The Respondent in her written submissions dated 3rd February, 2021 reiterates her case and submits that the termination of the employment of the Claimant was lawful and compliant.
The Respondents written submissions also display the reasons for termination of employment and narrates that this was occasioned by his non-performance which was ably addressed and countenanced but which the Claimant was not able to remedy, or at all. The reasons for termination of employment were availed to the Claimant and he was fully involved in the disciplinary process leading to the termination of his employment.

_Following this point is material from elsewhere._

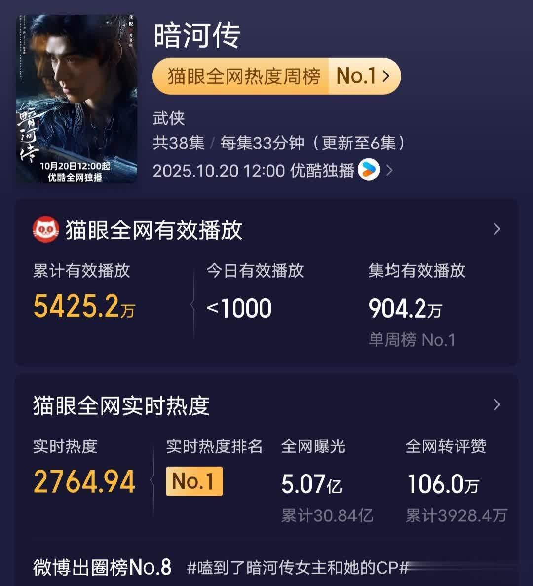 古装武侠剧终于上强度了,《暗河传》上天,猫眼热度全网第一,播放量万,热度,这个成绩太耀眼了。

Overall, the Respondents case overwhelms that of the Claimant. She well illustrates and demonstrates a case of termination of employment which pursued all disciplinary process. The Claimant was taken through the legal modules of discipline culminating in an appeal against termination of his employment. He participated in all this. This complies with the provisions of Section 41 and 43 of the Employment Act, 2007 which provide for substantive and procedural fairness in cases of termination of employment. The Claimant cannot be heard to complain. I therefore find a case of lawful termination of employment in this cause. This answers the first issue for determination.
The 2nd issue for determination is whether the Claimant entitled to the relief sought. He is not. Having lost on a case of unlawful termination of employment, the Claimant becomes disentitled to the relief sought.
I am therefore inclined to dismiss the claim with orders that each party bears their costs of the same. And this answers the last issue for determination.
DATED AND DELIVERED AT NYERI THIS 16TH DAY OF JUNE, 2021.
D.K.Njagi Marete
JUDGE
Appearances
1. Miss Ochieng instructed by E.Ochieng & Company Advocates for the Claimant.
2. Mr. Kilonzo instructed by Federation of Kenya Employers for the Respondents.